I even love that we read aloud together. It’s an odd sort of behaviour for Canadians collectively devolving to the individualism and alienation of digital reductionism, computer cell phone addiction and other consumer distraction.
In Christianity we celebrate life, personhood, family and community rather than the isolation, individualism, alienation and addiction of the mainstream mediocrity. If only for an hour we gather to catch a glimpse of the transcendent. In this church I really was reminded of “My Utmost for His Highest.”
The service closed with ‘Be Thou My Vision,” a favourite Celtic hymn of mine. It gave me a special sense of God as intimate and personal. Of course others love God and God loves others. But he really does love me too. Suffer little children to come unto me, Jesus said. That’s the message of belonging. We are all God’s children. For the briefest moment I felt special, sunshine. Blessed in my brokenness, loved despite my arrogance, I knew Grace.
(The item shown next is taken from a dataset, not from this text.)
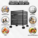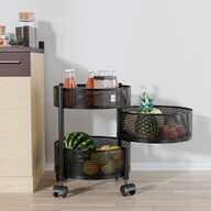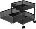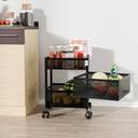 HOMESTIC 2+1 Layer Kitchen Metal Storage Rack with Wheels | Square Shape - Black Iron Kitchen Trolley (Pre-assembled)

Then minister, closing the service, sent us off back into the world.
Adell drove us back to Hay Bay and we chatted together about our very positive experience of the church. The water was high in the bay and the winds were churning up the waves .The dogs were certainly excited to have us return. The flowers my brother had planted last fall were in radiant bloom.
I believe in the miracle of resurrection. I know that I only see the surface of things here.